First, a caveat: I’m an independent designer, and this is my experience. The process may be somewhat different for other designers, and certainly so for mass-market brands and clothing produced overseas. This is the experience of a small business, made in America. Here are the facts and figures at Angela Friedman, Inc.
When you consider the price of a garment, you’re probably thinking about fabric and sewing. You understand that luxury materials cost more and that complicated designs take more time to produce. But there are more factors at stake: For example, independent designers also tend to be more open to experimenting with high-end materials, because they aren’t bound by the limitations of a number-cruncher yelling “cheaper, cheaper, cheaper!” (I challenge you to find metallic French lace in the lingerie at your local mall!) Something else to consider is that fabric cost can pose a scaling problem: If I were a mass-market brand purchasing 5,000 meters of silk at a time, I would have a lot more negotiating power than I do with my limited resources. Of course I purchase in bulk whenever possible, but I don’t always have the capital or the orders to justify an enormous expenditure up-front. That’s just the reality of small business.

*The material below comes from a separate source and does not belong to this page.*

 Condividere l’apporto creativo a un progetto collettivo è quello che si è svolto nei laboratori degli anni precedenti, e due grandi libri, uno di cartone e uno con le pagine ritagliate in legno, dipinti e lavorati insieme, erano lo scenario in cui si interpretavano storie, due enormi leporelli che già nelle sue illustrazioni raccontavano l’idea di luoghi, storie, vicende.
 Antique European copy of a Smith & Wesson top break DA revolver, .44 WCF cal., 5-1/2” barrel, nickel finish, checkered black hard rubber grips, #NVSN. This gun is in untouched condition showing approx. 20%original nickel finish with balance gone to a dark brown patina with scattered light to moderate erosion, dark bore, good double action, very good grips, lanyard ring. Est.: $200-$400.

Now someone actually has to create the garments. This is where I wish we had those sewing machine robots! It isn’t as simple as it sounds: There is expensive machinery needed, many different people are involved in the process, and sewing lingerie can be very time-consuming. Some of my designs have literally dozens of pattern pieces, and each pattern piece must be sized properly, cut out of however many layers of fabric are used, sewn together, pressed neatly, and have edges finished and trimmings applied. This can quickly turn into many hours of labor, whether being performed by one seamstress or done in a factory, production-line style. This also brings us to the importance of ethical business practices. I can choose to pay a local seamstress a living wage, or I can choose to send the job overseas where I have little to no control over who does the work, how much (or how little) they may be paid, or what their work conditions consist of. (I choose to do all of my production in New York.)

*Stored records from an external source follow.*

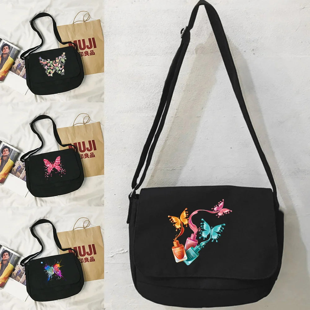 This multi-functional messenger bag features a trendy Harajuku college style with a portable one-shoulder design. The bag is adorned with a beautiful butterfly pattern.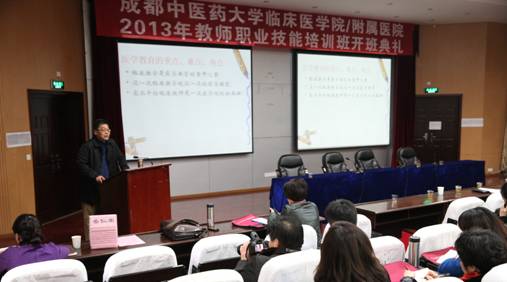 高林远讲话表示,四川省高校师资培训中心和beat365在线唯一官网共同举办此次培训班的目的就是要紧紧围绕培养高素质新型医学人才这个核心,通过培训和交流完善临床带教老师的自身素质,提高带教水平。他指出,省高校师资培训中心首次举办一线骨干医务工作者教师职业技能专题培训班是改革培训模式,拓宽培训渠道的大胆尝试,本次培训采取送培到校的培养方式,也是扎实推进党的群众路线教育实践活动,加强中心服务意识,提高服务质量,深入基层开展培训的一项具体措施。高林远希望学员要珍惜机会,克服困难,集中精力,加强交流探讨、取长补短、共同提高;要自觉遵守培训中心管理规定和纪律要求,服从安排,以饱满热情圆满完成学习任务;要在今后教育教学工作中,解放思想、勇于创新、开拓进取,为我省高等教育事业和医药卫生事业改革发展做出更大贡献。
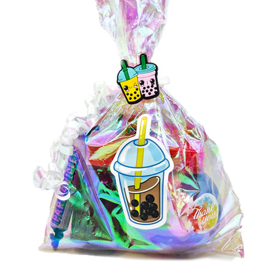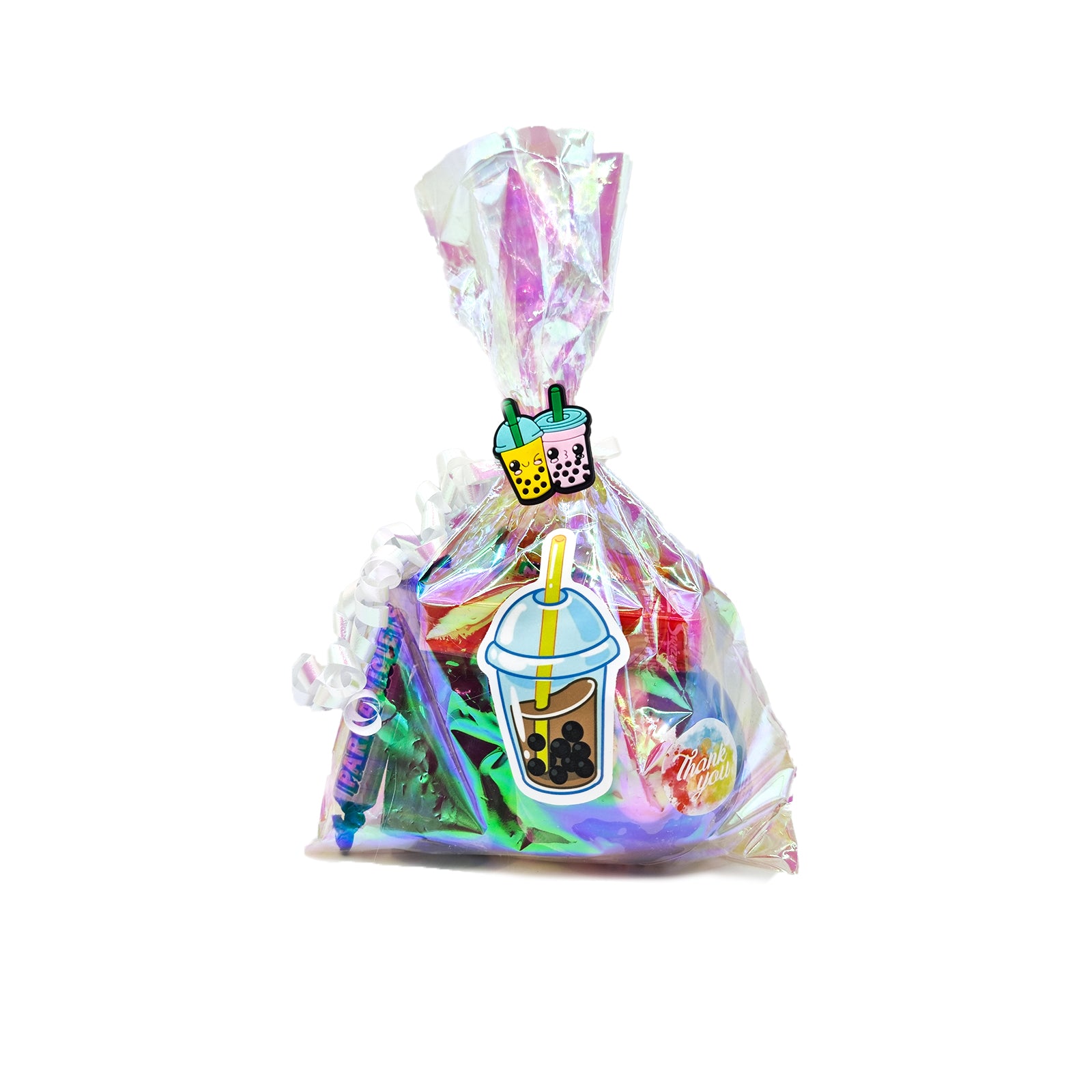 Elegant Presentation: Featuring shimmering iridescent cellophane gift bags tied with luxurious ribbon and finished with adorable boba-themed tags, these bags add a touch of sophistication to your event.

Here are just some of the direct costs that go into the production of a single garment:
-fabric, linings, and hardware (like bra hook-and-eye and garter clips)
-elastic and thread
-custom labels and hang tags
-labor for drafting patterns, scaling them to each size, and testing the fit (on a live model!)
-labor for cutting fabric
-labor for sewing pieces together, applying elastic, hemming, sewing labels, etc.
-labor for quality control, packaging, and shipping
It’s pretty obvious how these direct costs end up in the final price of the garment. For my bra and panty sets, this section would already be in the $35-$50 range. Given those numbers, now you can start to see why I couldn’t possibly sell a set for $50! More expensive materials (like silk or dyed-to-match trimmings) produce a more valuable garment. The same is true with production: Seamstresses generally charge based on an hourly rate, but their wages will amount to less than 1/8th of your final purchase price – at best. This is for American production. Just think of how much less a worker might be making in China, India, or Bangladesh.